### [Data to examine]
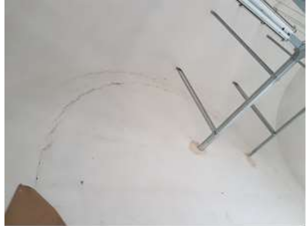
Patologie di degrado
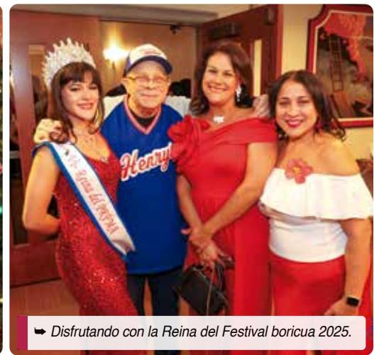
» Disfrutando con la Reina del Festival boricua 2025.
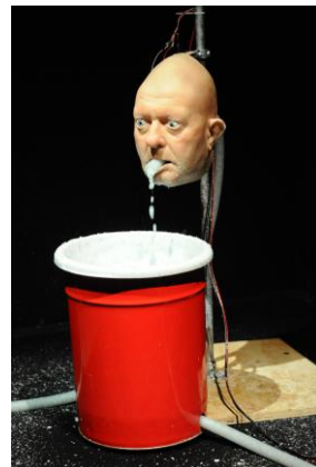
Nathaniel Mellors, The Object (Vomitor) , 2010 Courtesy de l'artiste ; Matt's Gallery, Londres ; Monitor, Rome ; Stigter van Doesburg, Amsterdam
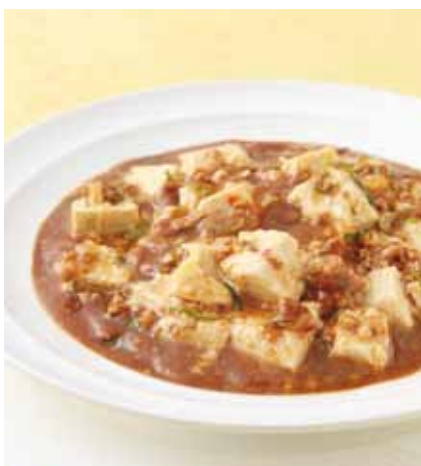
マーボー豆腐 [ 陳麻婆豆腐 ]

Bean curd in Szechwan style (mabo-dofu) _____ 1,000円
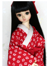
振袖用長襦袢梅鉢(うめばち)MSDサイズmn-0021
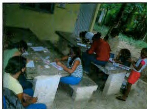
Imagen 31: Trabajo con plastilina

Se les hablo también de cómo mantener su cuerpo sano teniendo higiene sexual, como una forma de prevenir ITS, mencionando los factores de riesgo que tienen como las parejas en una zona rural con características de migración.

### [Work instruction]
Once the pictures are set aside, what is needed is the lines from the line with "Bean curd in" through the end of the data, written out exactly and alone.

### [Output below]
Bean curd in Szechwan style (mabo-dofu) _____ 1,000円
振袖用長襦袢梅鉢(うめばち)MSDサイズmn-0021
Imagen 31: Trabajo con plastilina

Se les hablo también de cómo mantener su cuerpo sano teniendo higiene sexual, como una forma de prevenir ITS, mencionando los factores de riesgo que tienen como las parejas en una zona rural con características de migración.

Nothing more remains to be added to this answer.